What if an employee wants to continue to work remotely because the employee has an immediate family member who has a medical condition that puts that family member at increased risk of harm if exposed to COVID-19?

An eligible employee of a FMLA-covered employer can take a leave of absence to care for a family member with a serious medical condition. But if the family member does not need the employee’s care, the requirements for FMLA leave would not be met.

Under the American with Disabilities Act, employers are required to provide qualified disabled employees with a reasonable accommodation. When leave and accommodation laws do not apply, employees may ask employers to apply common decency to the situation and let them return to the physical workplace at a later time.

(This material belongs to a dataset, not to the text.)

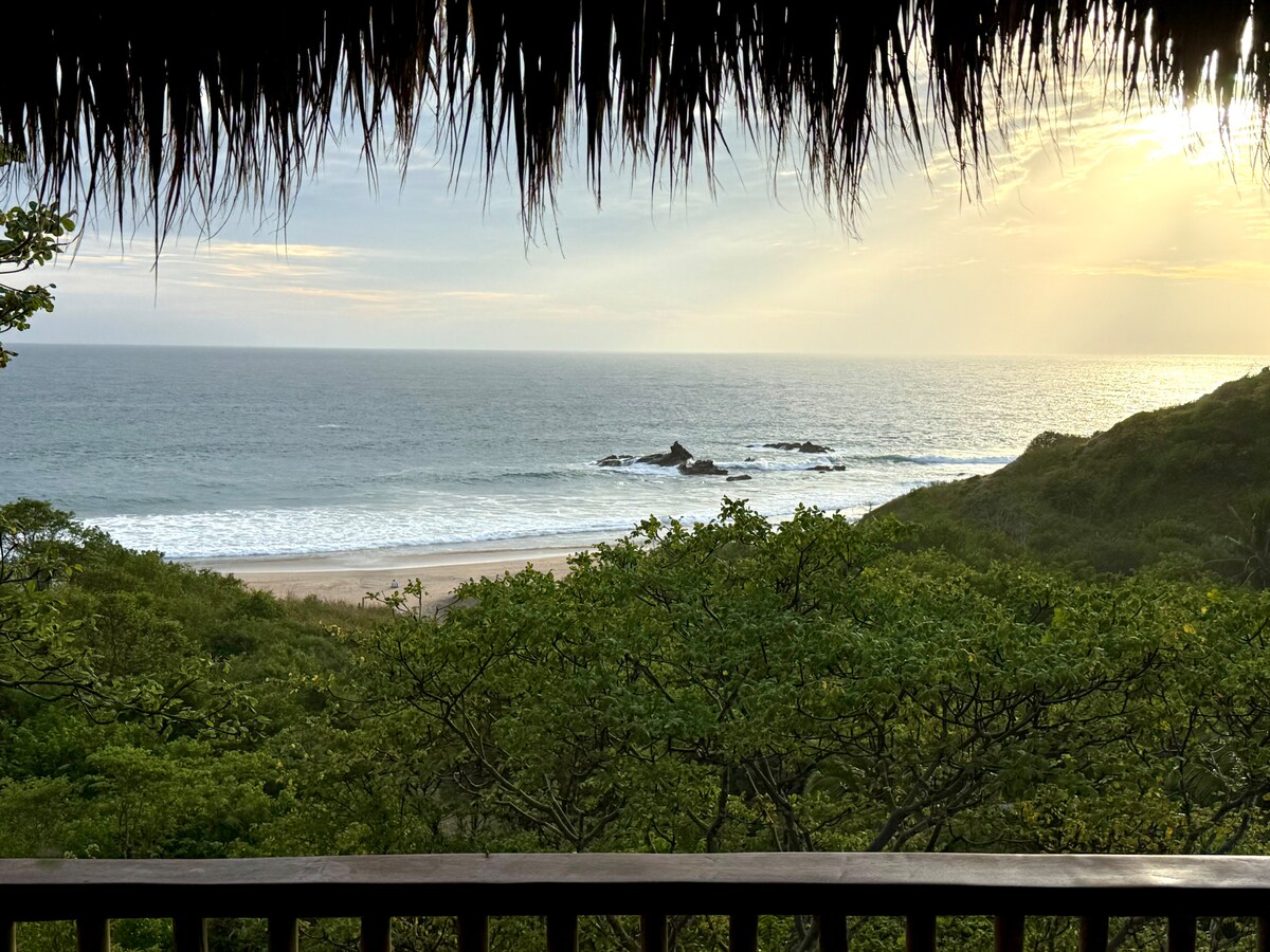在這個地方醒來是一個夢想! 這棟房子就在海濱,每天都能欣賞最美的日落。 它有兩層。臥室位於頂部,以及工作空間( Starlink )和吊牀可供休息。 天花板是一個很棒的露臺。 房子有一個小型私人泳池,您可以在那裡欣賞Playa Mermejita的最佳景觀。 房子非常開放,可以享受清新的風和最佳景觀。

These are challenging issues for employers, who must balance the need to protect employees from COVID-19 with the need to maintain a workforce to keep the business open.

Employers should be cautious when navigating the various leave and disability laws in order to avoid lawsuits. Before denying employees’ leaves or other reasonable-accommodation requests, employers should engage with employees in order to assess the validity and reasonableness of the requests and should document the steps taken.

Mary Jo Kennedy is a partner and chair of the employment group at Bulkley Richardson, and Sarah Willey is counsel and member of the employment group at Bulkley Richardson.